I sit by the window on a Saturday morning with nothing but a cup of tea in my hand. I was too late to watch the sunrise, so instead I watch the way the flowers blow in the wind painting streaks in the canvas of the sky. The incessant scratching of a coin against a lottery ticket burrows into my mind. My inner voice shouts over it, just to remain in control filling up my head, pushing out my thoughts and threatening to explode but perhaps it is too late. The scratching already comes from within. It reminds me of the time I scratched my arms raw after my mother told me no boys would like me if I kept hurting myself. Just like the time my mother told me that I could never make it as a poet.
I redirect my attention to the window trying to focus on what I want to see (is that what they tell you to do in therapy?) Unfortunately, I had already wrung every drop of poetry Out of this humble garden.
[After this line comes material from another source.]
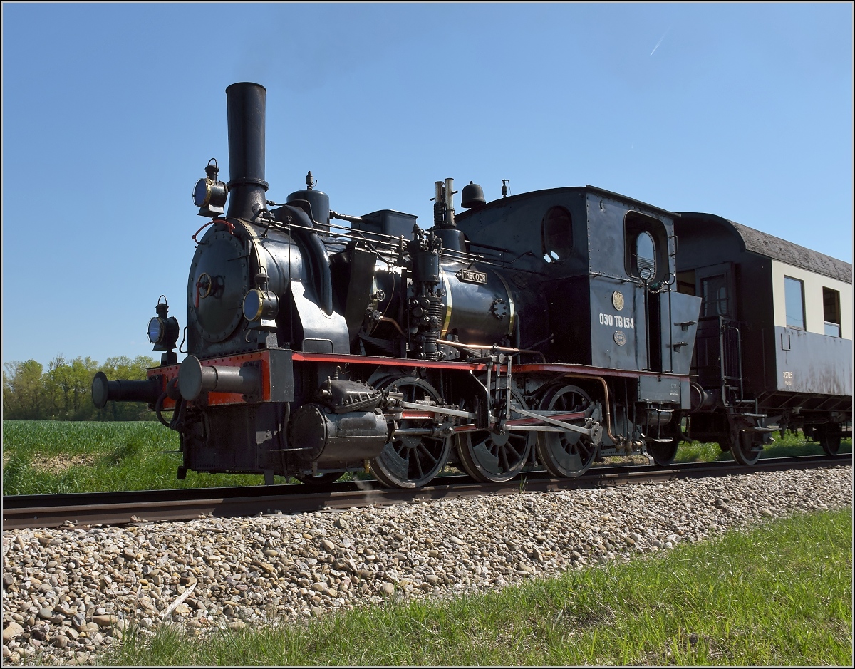 CFTR, die charmante Museumsbahn im Neubreisacher Urwald. Fahrt des Museumszuges zur Bereitstellung nach Sanssouci mit 030 TB 134 "Theodor". Baltzenheim, April 2019.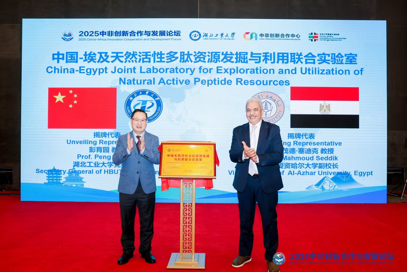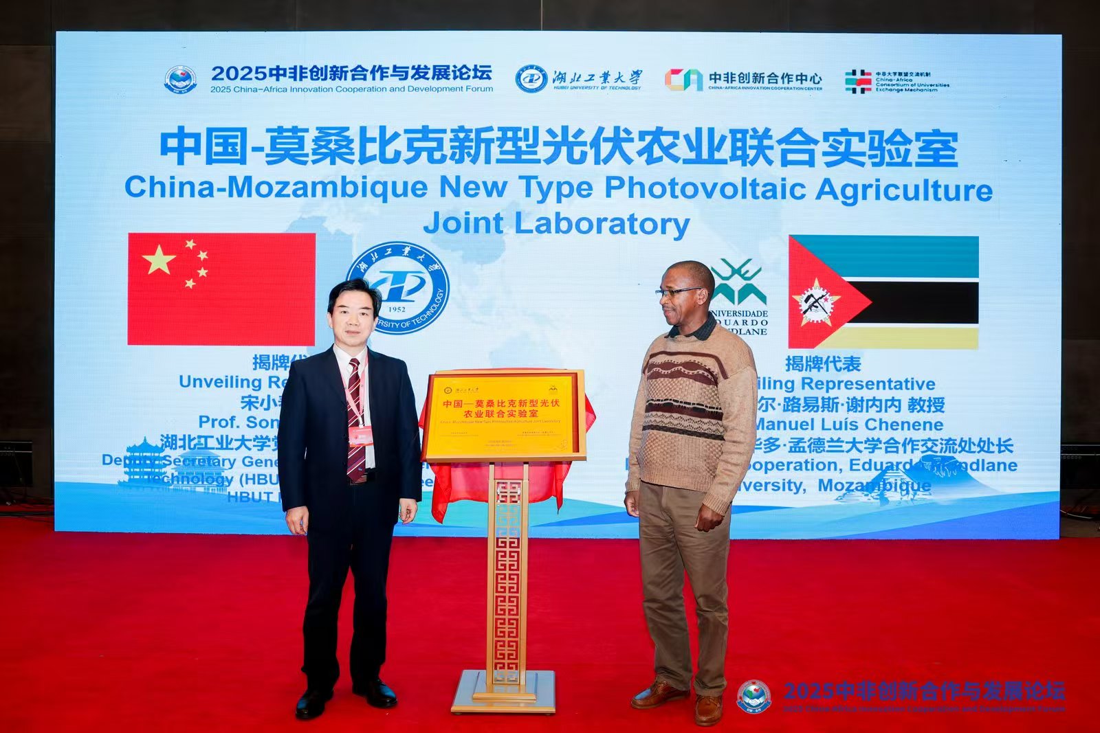 现场,“新型光伏农业联合实验室”和“中国-埃及天然活性多肽资源发掘与利用联合实验室”揭牌。新型光伏农业联合实验室由湖北工业大学和莫桑比克爱德华多·孟德兰大学共建,着力研究解决当地缺电缺水难题下的农作物栽种问题;中国-埃及天然活性多肽资源发掘与利用联合实验室由湖北工业大学和埃及爱资哈尔大学共建,致力于研究从天然资源中发掘具有抗旱、促生功能的活性多肽,以科技创新助力提升非洲地区的农作物产量与粮食安全。

Back in the kitchen, my mother stands up, and I notice the scratching has stopped. Instead, the sharp and familiar sound of ripping paper fills the air. I am reminded of all the poems I had ripped to shreds to start anew as she curses and throws the ticket in the trash, dramatically slamming the door. A selfish part of me is happy that she didn’t win. Because I know that if she did, she wouldn’t hesitate to do the same to our lives.
Relocating us to a place where flowers and fountains are found in rows like fresh cuts on an arm and not in haphazard paint splatters like stars in the sky, or freckles on a face. A grand white mansion, elegant as a mausoleum, where the sound of scratching and early morning yelling and late night sobbing would echo through the empty rooms bouncing from wall to wall until the house threatens to fall apart. Or else, we would be on a plane, to some far off destination, Sitting all in one row and shielding our phones from each other, thinking how much better it would be to sit amongst strangers.